The annual audit treats all of the RDA’s funds as a single account. But state law requires that funds generated in an RDA project area be spent within the boundaries of that area, subject to a few narrow exceptions. Therefore, while the total pooled cash of the RDA is characterized by the audit as “unrestricted,” it is, in fact, available only to be spent in the project area where it was generated. The RDA carefully tracks the funds collected by the project area of origin, and treats each project area as a separate and distinct account, ensuring that funds generated from a particular area are expended only within that area. While the RDA’s budget process described above clearly allocates expenditures by project area, the annual audit does not make this distinction, sometimes creating the inaccurate impression that the full cash balances of the RDA could be spent on a single project in a single project area.

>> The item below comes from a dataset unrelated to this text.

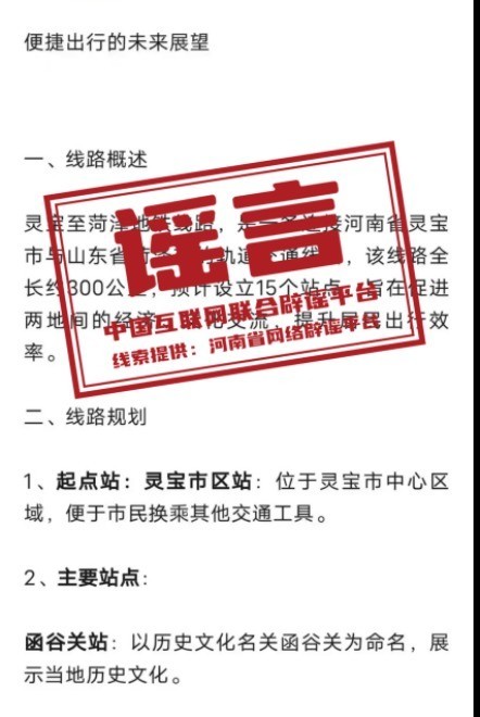 真相:近日,有自媒体账号在互联网平台发布“灵宝到菏泽的地铁”相关信息,称“该线路全长约300公里,预计设立15个站点”“起点站为灵宝市区站,位于灵宝市中心区域”,引发关注。经核实,该消息系虚假信息。互联网不是法外之地,请自觉遵守法律法规,不造谣、不信谣、不传谣。(来源:“清朗河南”微信公众号、网信灵宝)

Another detail that is not articulated in the annual audit is the RDA’s practice of budgeting funds for large projects over time, and then paying cash for the projects when sufficient funds are accumulated to proceed. This savings-based, or cash-based approach is very conservative, and enables the RDA to tackle large infrastructure projects without having to assume debt. Because tax increment proceeds are often viewed by banks as unpredictable, borrowing against future revenues is often not possible, and, even if possible, loans are not offered on favorable terms. Therefore, the RDA’s established practice and policy is to allocate funds as available a little at a time.

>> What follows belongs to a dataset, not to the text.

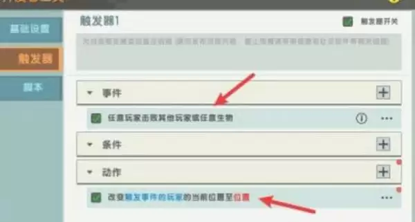 4、然后我们把触发条件设置为不常见时间,动作设置为改变玩家位置。

This process of accumulating funds for a project often leads to large cash balances in RDA accounts. A good example is the repair and renovation of the Gallivan Utah Center. Beginning in the early 2000s, the RDA anticipated that in approximately 2008-2010, the RDA would need to undertake significant repairs and renovations to the Gallivan Utah Center. Beginning in 2006, the RDA Board allocated funds each year to be saved for that renovation project, ultimately accumulating the more than $7 million needed to complete the design and construction. Those funds were always characterized by the audit as “unrestricted cash.” Again, the saved amounts could technically be allocated by the Board for some other use, but doing so would reduce or eliminate the funds needed for the renovation and repair project.